I thinking of making an adjustable cabinet that can extend along its width. This would allow it to be more flexible in its location within a home.

Can you see any benefit having a piece of furniture like this? Or am I just over complicating the design?

I haven’t decided on the sizing or construction methods any input on this would be appreciated. 

When in closed position






When in Extended position


----------



## wizer (30 Apr 2009)

hmm yeh I quite like the idea. But isn't the whole idea of bespoke furniture to have it fit a specific space?


----------



## SketchUp Guru (30 Apr 2009)

It is an interesting idea. If you build something like it, though, I would work out the design so as to elimintate the little jog on the right side when the thing is at its narrowest.


----------



## Chems (30 Apr 2009)

Its a nice idea, but what does it gain you, if you place it somewhere were it can't remain expanded you don't gain any extra storage space.


----------



## bodgermatic (1 May 2009)

Great idea for people who move house lots and never know what size alcove is coming next... Quick, patent it and get on to IKEA


----------



## MickCheese (2 May 2009)

I quite like the design but it does not need to be extendable.

The modular look is nice but it needs to be balanced by being the same both sides. At present the left looks good and the right a bit thin and weedy.

Build it but don't make it extendable.

Mick


----------



## pren (2 May 2009)

Thats a fantastic idea!! 

The style's not to my taste but I love the concept!

Nice!


----------



## TheTiddles (17 May 2009)

Chems":1kvn9cnv said:


> Its a nice idea, but what does it gain you, if you place it somewhere were it can't remain expanded you don't gain any extra storage space.



You can't patent it, YOU'VE JUST DISCLOSED IT!!! DOH!

Great idea though, almost worth nicking...

Aidan


----------



## big soft moose (17 May 2009)

TheTiddles":v916s9ad said:


> Chems":v916s9ad said:
> 
> 
> > Its a nice idea, but what does it gain you, if you place it somewhere were it can't remain expanded you don't gain any extra storage space.
> ...



might work well on a narrow boat - someone show blister , he needs cheering up right now .


----------



## Mattty (17 May 2009)

I really like this concept.
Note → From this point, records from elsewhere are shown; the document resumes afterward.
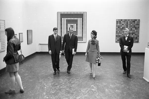 Kronprins Harald og kronprinsesse Sonja besøker utstilling i Kunstnernes Hus. Her blir de vist rundt blant diverse kunstverk av representanter for Kunstnernes Hus.
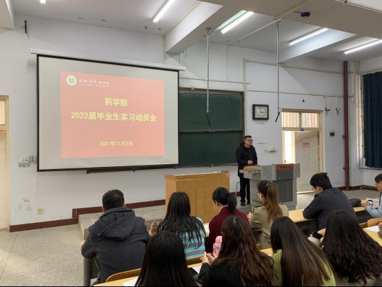 11月2日下午3点,公司在A01-225教室召开2022届毕业生实习动员会。公司副经理齐永华、各教研室主任、实习指导教师、毕业班辅导员,以及2022届制药工程专业和药学专业毕业生参加会议,会议由教学秘书李峰主持。
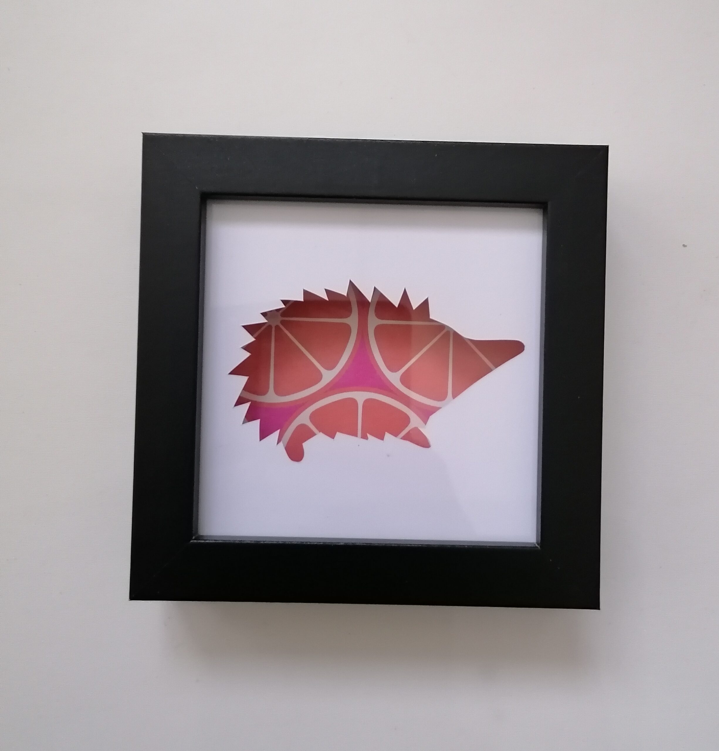 Hand cut and framed paper silhouette of a hedgehog.
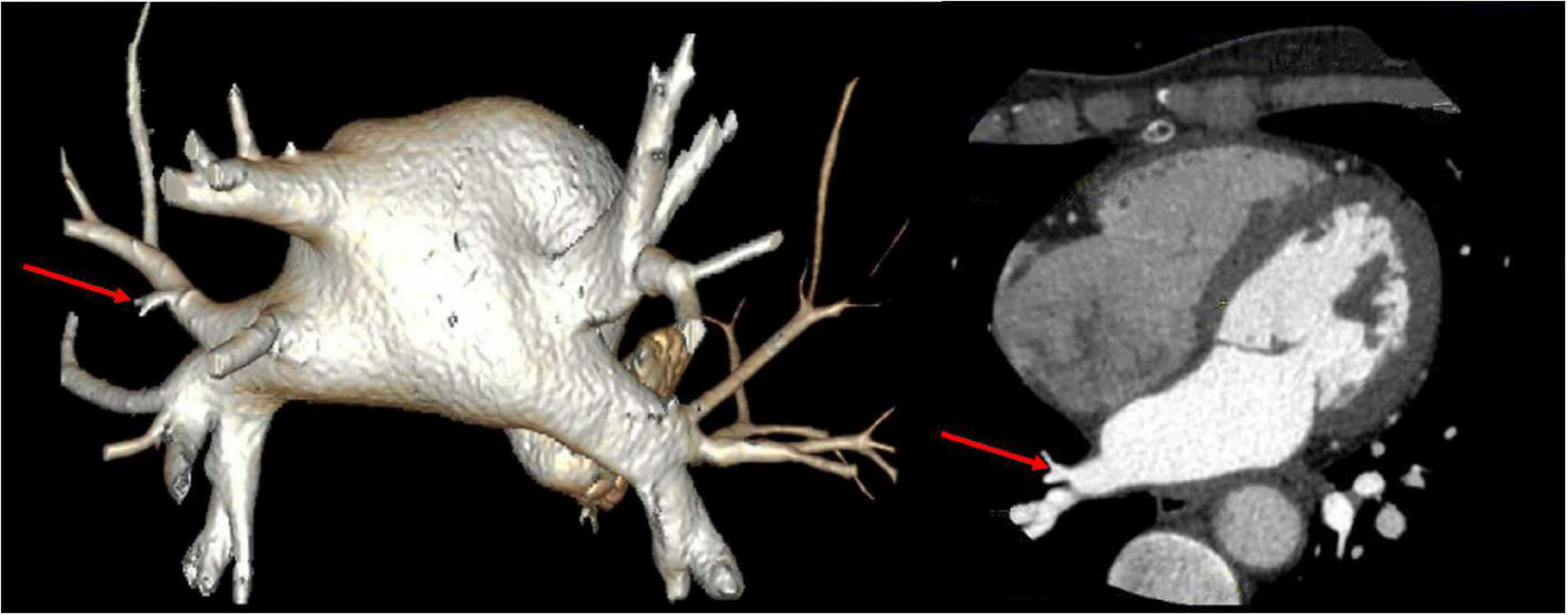 CT angiography (CTA) of left atria-pulmonary vein showed the middle branch of the right pulmonary vein was variable.

It has got enormous potential i think. Good luck


----------



## TheTiddles (17 May 2009)

Significant other looked at it and said "you can get bookcases just like that"

Aidan


----------



## OPJ (18 May 2009)

I really like the idea as it could work both ways and you could still make good use of the drawers, even if you moved it in to a smaller room or house.

Have you sorted any of the construction details yet? :wink:


----------



## BespOak (19 May 2009)

I came up with the idea as I'm currently in the middle of moving house and I wanted a cabinet that was more flexible.

I don't think I'm going to get chance to make this as the new property requires some renovation which is going to take up my time.


----------